Найти тему
Издательство Libra Press

Вор вырвался из рук моих и бросился на меня

Донесение в нарвскую городовую полицию отставного коллежского асессора Фаддея Венедиктова Булгарина (18-го сентября 1837 года)

Проезжая из Дерпта в С.-Петербург, в расстоянии около 200 шагов от Нарвского предместья, жена моя (здесь Елена Ивановна Булгарина (фон Иде) увидала, что чужой человек сидит за нашим экипажем и работает, чтоб отвязать пак. Это было между 7 и 8 часами вечера, в сумерки.

Жена моя закричала: "Вор", но человек не слез, а когда я приказал остановиться и соскочил с линейки, то вор соскочил вместе со мною. Это случилось в конце фурштата. Я схватил вора за грудь. Он был в белом нагольном тулупе и в черной барашковой шапочке, наподобие фески.

Вор, отрываясь от меня и таща меня за собою, поскользнулся и упал в ров. Я не пускал его, крича "Караул", но хотя в доме противолежащем было множество народу и на крик мой человек 20 показалось в открытых окнах, но никто не двинулся с места.

Вор также звал на помощь какого-то Александра. Явился человек в сибирке, бледный и худощавый, без бороды. Вор, пользуясь моей усталостью, вырвался из рук моих и бросился на меня как бешеный, сперва ухватил меня за лицо и расцарапал, потом, не дав опомниться, нанес чем-то крепким, вероятно, камнем, удар в голову, от которого я почти замертво упал на землю.

Ко мне прибежал на помощь находящийся при мне частным секретарём дворянин Игнатьев, но получил от вора такой удар в грудь, что едва перевел дух. В это время почтовые лошади, испугавшись крика, убежали с экипажем, и я остался среди большой дороги, почти без чувств, в руках двух разбойников, которые продолжали бить меня в голову, вероятно имея желание умертвить.

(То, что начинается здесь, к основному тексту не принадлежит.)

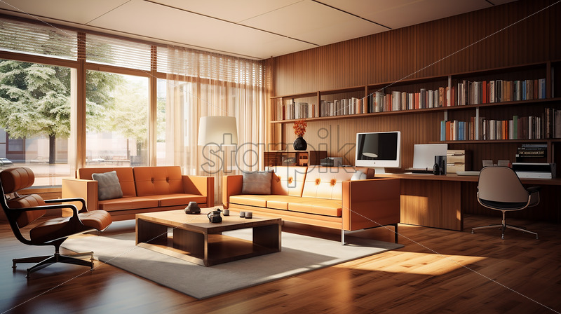Modern wooden house in the city and a cozy wooden lounge in a wood theme and a cozy couch with clear glass wall
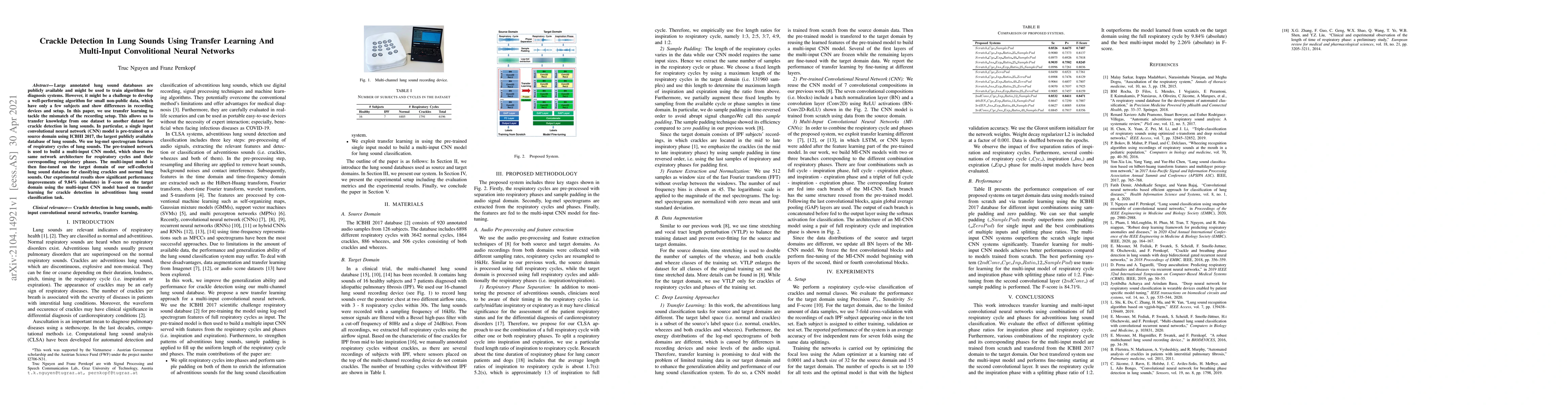 This paper employs transfer learning and multi-input convolutional neural networks (CNNs) to improve crackle detection in lung sounds, addressing the challenge of small, non-public datasets with varying recording setups. The study pre-trains a CNN model on a large public lung sound database and fine-tunes it on a self-collected dataset, achieving a 9.84% improvement in F-score for crackle classification.
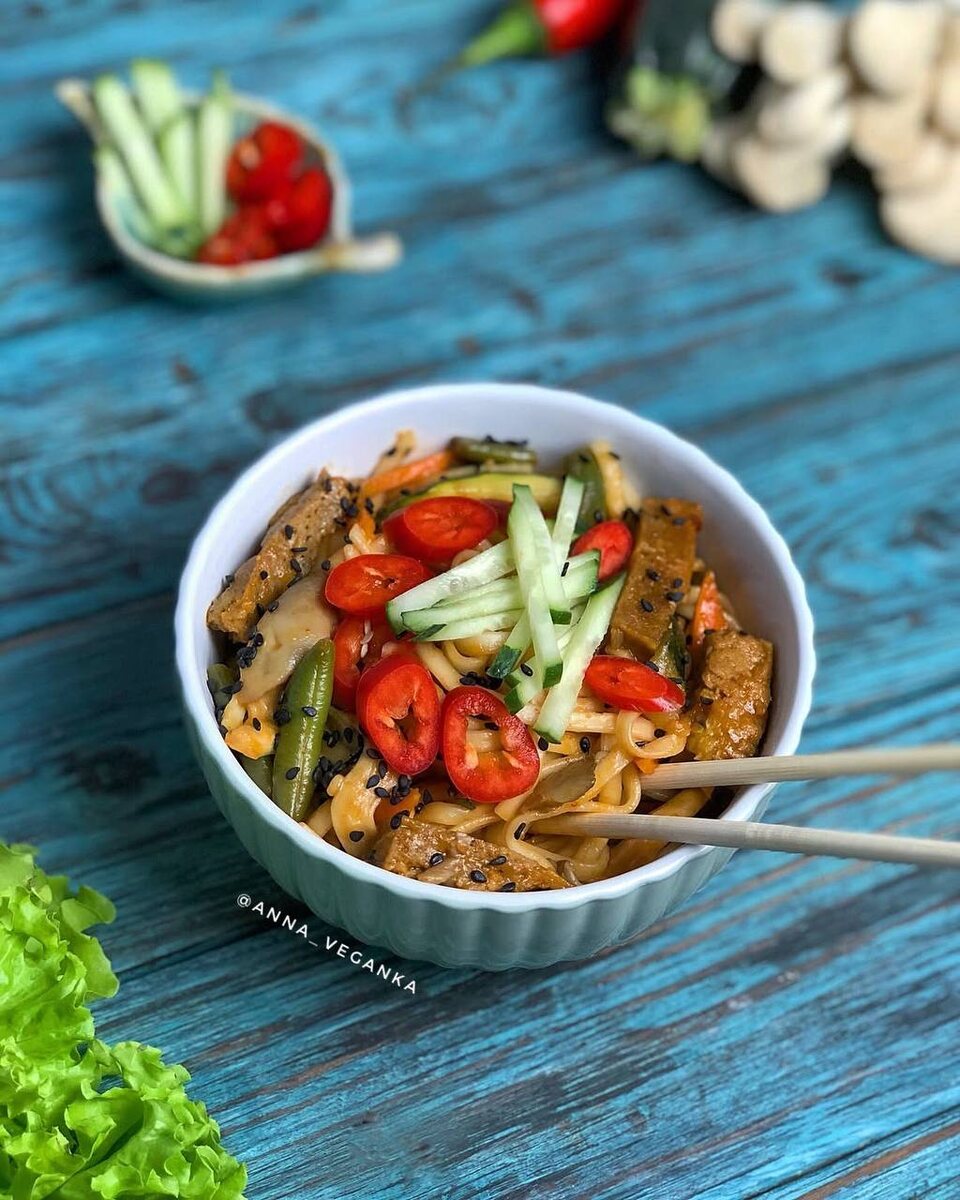 Рецепт лапши вок позволяет экспериментировать с ингредиентами: вместо сейтана можно использовать тофу или соевые кусочки, менять силу остроты и пробовать разные соусы, такие как терияки или кисло-сладкий. Главное правило — следить за составом и избегать животных компонентов, чтобы блюдо оставалось веганским.

По счастью, на мне была шапка, туго набитая ватой, а сверх того, я, по инстинкту, видя смерть пред глазами, накрыл голову сюртуком на вате, а потому череп не пробит разбойниками. Между тем, возвратился мой экипаж, и жена моя привезла на помощь двух солдат, неизвестно какой команды, которые вместо того, чтобы помогать мне, посмотрели в лицо вору и приняли его сторону.

Вор еще более ободрился и сказал мне, как я смел назвать его мошенником, когда он хозяин дома. Но фамилии своей не сказывал. Женщина, стоявшая на улице в нагольном тулупе, шепнула мне, что пойманный мною вор называется Сельский.

Он спокойно пошел в дом, отворил окно и смотрел на нас, произнося ругательства. Я подошел к нему под окно, чтобы всмотреться в него, а народ сказал мне, что это точно Сельский. Он был полупьян и с удивительной дерзостью ругался и призывал охотников убивать немцев, почитая меня немцем, потому что я говорил по-немецки с женой.

Надо быть лишенным ума, чтобы остановиться на большой дороге и броситься на человека, обвиняя его в воровстве. Следовательно, невозможно даже предполагать, что я напрасно обвинял Сельского, когда 6 особ, бывших в экипаже, видели, как он сидел за экипажем.

Говорят здесь, что одна дочь Сельского в замужестве за священником, а другая за богатым купцом, и хотя он известен, как человек дурной нравственности, но что он выпутается, хотя уличён в намерении отрезать пак и в разбое на большой дороге.

Надеясь на правосудие нарвской полиции, я долгом поставляю известиться о сделанном Сельским преступлении и по приезде в Петербург доведу о случившемся до сведения господ шефа жандармов (здесь А. Х. Бенкендорфа), министра внутренних дел (здесь Д. Н. Блудова), военного генерал-губернатора (здесь Петр Кириллович Эссен) и гражданского губернатора, чтоб удалением Сельского из города и примерным наказанием его за увечье дворянина и покушение к воровству избавить других проезжающих от угрожающей им опасности.

В городе Нарве, 18-го сентября 1837 года. Подписал коллежский асессор Фаддей Булгарин.

Примечание. Женщина, сказавшая мне, что пойманный мною вор есть Сельский, называется Авдотья. Я и вышеупомянутый дворянин Игнатьев видели Сельского в окне его собственного дома и узнали его. Все показанное готов я утвердить присягой.

Авдотью мы нашли потом в доме Сельского. Кроме причиненного мне сельским увечья, от которого стражду и совершенно болен, Сельский разорвал на мне и на дворянине Игнатьеве шинели и сюртуки.